■ EXERCISE BRIEF:
Among the lines below, the one containing "Corrida de toros" opens the range and the one containing "Abb. 4: Votivkröte" closes it. Print that range exactly, without the pictures.

▼

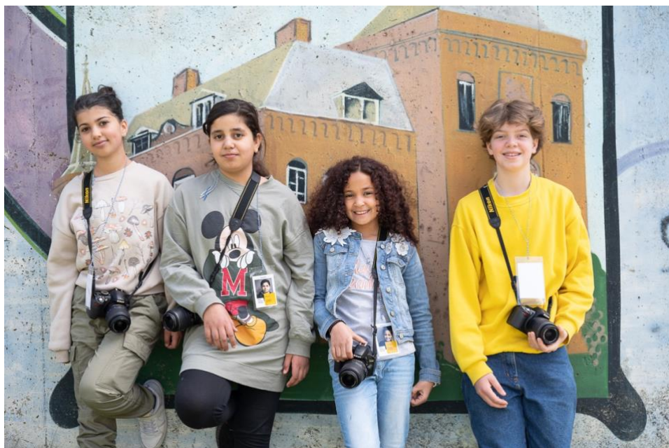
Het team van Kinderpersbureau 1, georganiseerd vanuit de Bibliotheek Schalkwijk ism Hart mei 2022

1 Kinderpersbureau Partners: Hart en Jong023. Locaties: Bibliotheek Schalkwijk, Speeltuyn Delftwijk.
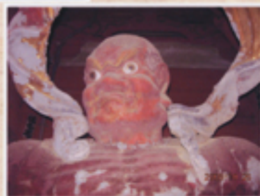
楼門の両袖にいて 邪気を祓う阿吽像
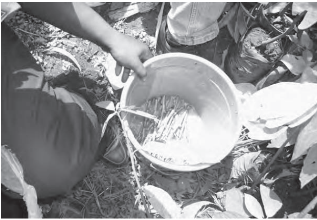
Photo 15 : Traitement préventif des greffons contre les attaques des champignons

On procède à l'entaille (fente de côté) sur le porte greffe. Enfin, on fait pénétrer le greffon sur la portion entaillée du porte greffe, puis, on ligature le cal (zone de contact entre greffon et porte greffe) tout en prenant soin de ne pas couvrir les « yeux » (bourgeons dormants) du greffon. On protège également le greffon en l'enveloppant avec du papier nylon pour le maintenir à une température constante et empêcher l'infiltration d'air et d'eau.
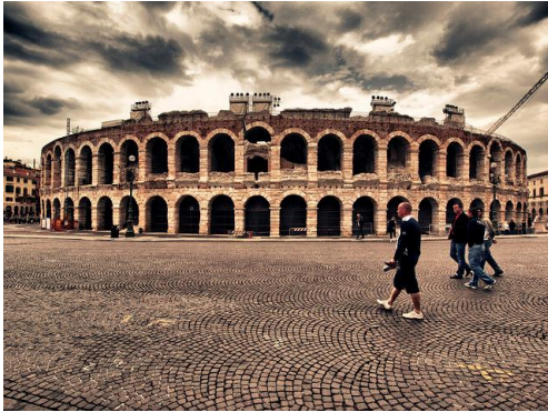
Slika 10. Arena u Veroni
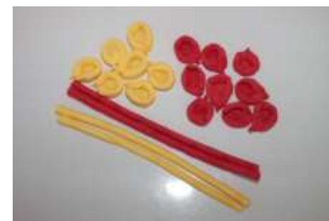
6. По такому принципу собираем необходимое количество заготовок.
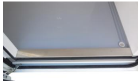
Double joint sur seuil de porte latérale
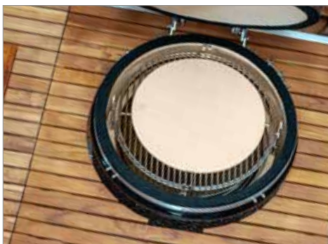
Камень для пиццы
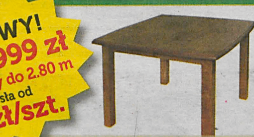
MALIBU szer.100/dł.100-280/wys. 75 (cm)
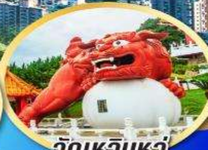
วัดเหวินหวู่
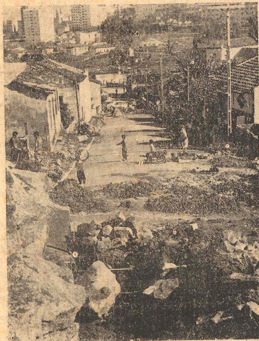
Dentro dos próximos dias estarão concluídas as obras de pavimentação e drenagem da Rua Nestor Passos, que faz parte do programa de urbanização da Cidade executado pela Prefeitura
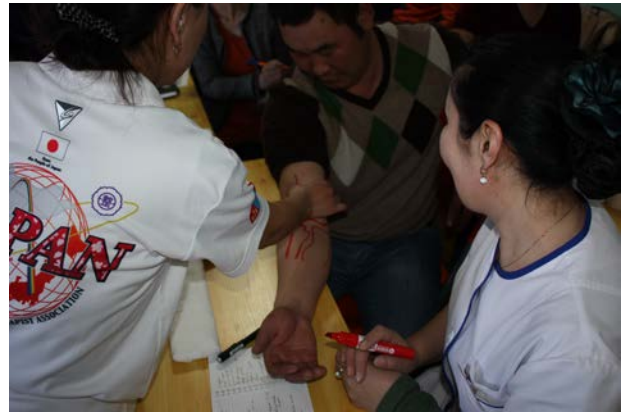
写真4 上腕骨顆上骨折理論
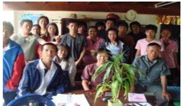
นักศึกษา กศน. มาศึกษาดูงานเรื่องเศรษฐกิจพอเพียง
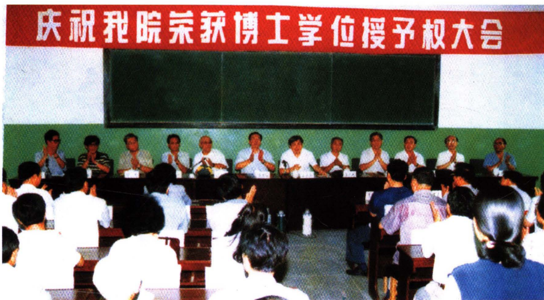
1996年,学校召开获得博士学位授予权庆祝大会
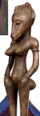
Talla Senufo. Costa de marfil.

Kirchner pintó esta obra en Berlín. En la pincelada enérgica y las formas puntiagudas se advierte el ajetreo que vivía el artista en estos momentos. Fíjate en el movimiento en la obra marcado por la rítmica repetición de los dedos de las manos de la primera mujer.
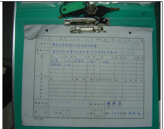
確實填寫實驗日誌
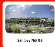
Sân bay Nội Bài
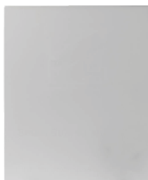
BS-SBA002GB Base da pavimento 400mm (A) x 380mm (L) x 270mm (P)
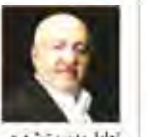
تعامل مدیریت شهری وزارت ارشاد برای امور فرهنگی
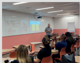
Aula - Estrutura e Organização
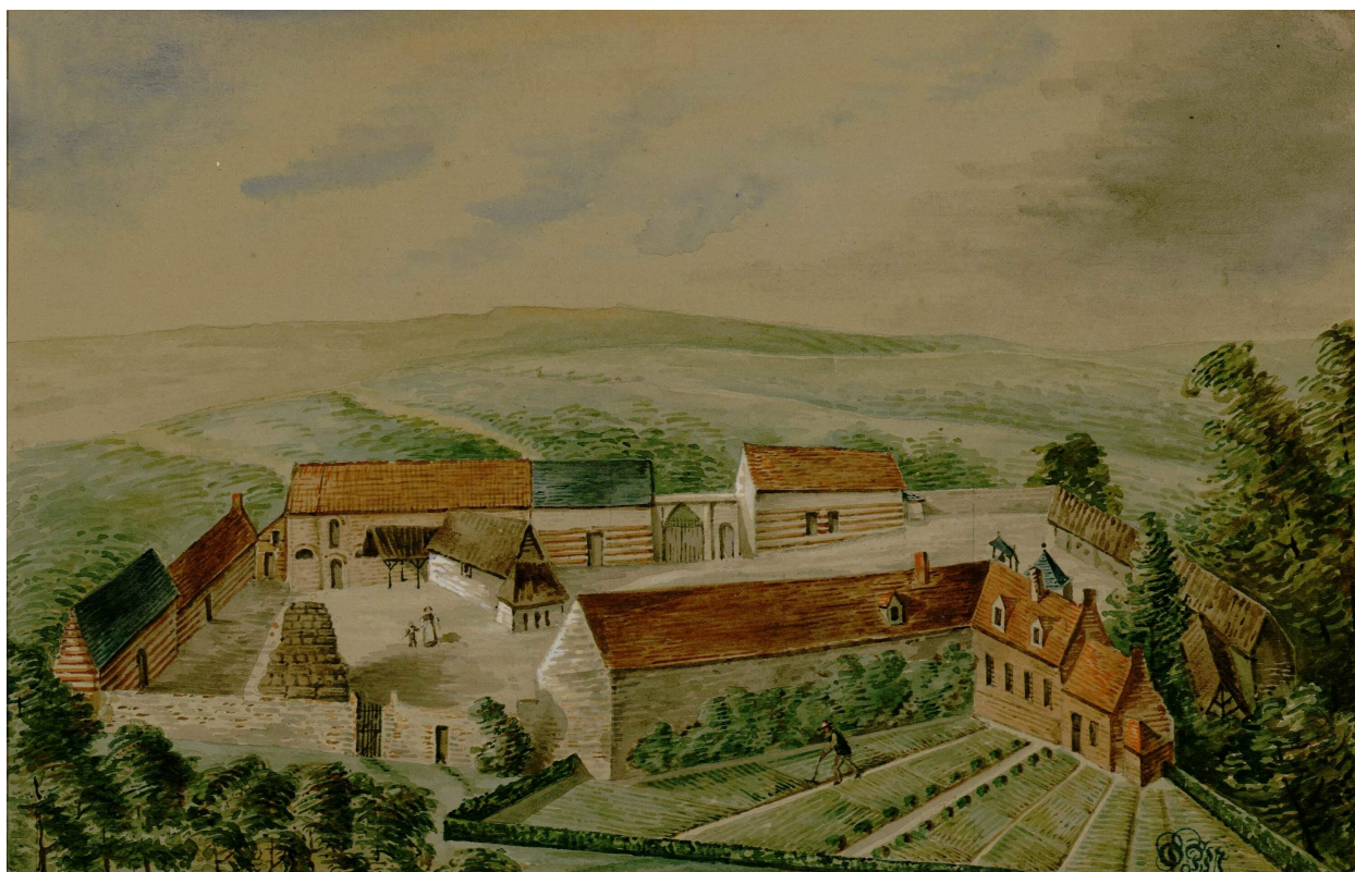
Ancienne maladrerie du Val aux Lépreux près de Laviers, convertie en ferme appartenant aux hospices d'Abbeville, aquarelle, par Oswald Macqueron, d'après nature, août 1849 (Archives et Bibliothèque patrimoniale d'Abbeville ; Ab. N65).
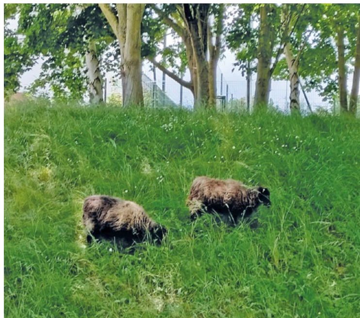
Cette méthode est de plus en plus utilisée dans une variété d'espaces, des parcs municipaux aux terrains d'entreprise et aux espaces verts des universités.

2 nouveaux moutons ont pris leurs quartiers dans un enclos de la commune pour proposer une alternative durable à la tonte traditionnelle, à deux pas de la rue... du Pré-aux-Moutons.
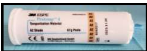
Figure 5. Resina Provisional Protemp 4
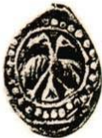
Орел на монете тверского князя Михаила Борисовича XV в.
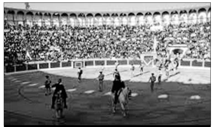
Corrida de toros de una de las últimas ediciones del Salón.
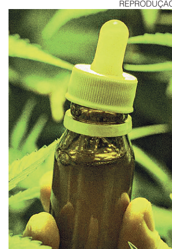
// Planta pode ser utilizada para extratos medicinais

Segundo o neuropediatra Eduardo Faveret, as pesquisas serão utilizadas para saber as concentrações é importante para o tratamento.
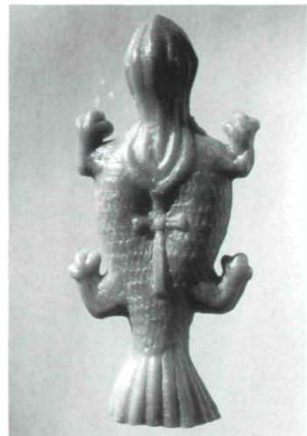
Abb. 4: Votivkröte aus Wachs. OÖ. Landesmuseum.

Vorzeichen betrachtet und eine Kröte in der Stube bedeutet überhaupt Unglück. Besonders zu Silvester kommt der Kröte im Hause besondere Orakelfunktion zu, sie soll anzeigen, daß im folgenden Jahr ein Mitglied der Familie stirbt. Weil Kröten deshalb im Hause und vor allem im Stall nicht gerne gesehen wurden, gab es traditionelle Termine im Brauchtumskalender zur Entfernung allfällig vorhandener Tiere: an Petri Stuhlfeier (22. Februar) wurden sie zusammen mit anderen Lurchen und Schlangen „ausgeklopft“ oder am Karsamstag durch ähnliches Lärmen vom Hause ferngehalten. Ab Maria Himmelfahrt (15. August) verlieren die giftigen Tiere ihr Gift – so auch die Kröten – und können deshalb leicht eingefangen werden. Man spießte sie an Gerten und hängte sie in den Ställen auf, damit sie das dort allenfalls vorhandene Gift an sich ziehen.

▲

■ SOLUTION TO THE PROBLEM:
Corrida de toros de una de las últimas ediciones del Salón.
// Planta pode ser utilizada para extratos medicinais

Segundo o neuropediatra Eduardo Faveret, as pesquisas serão utilizadas para saber as concentrações é importante para o tratamento.
Abb. 4: Votivkröte aus Wachs. OÖ. Landesmuseum.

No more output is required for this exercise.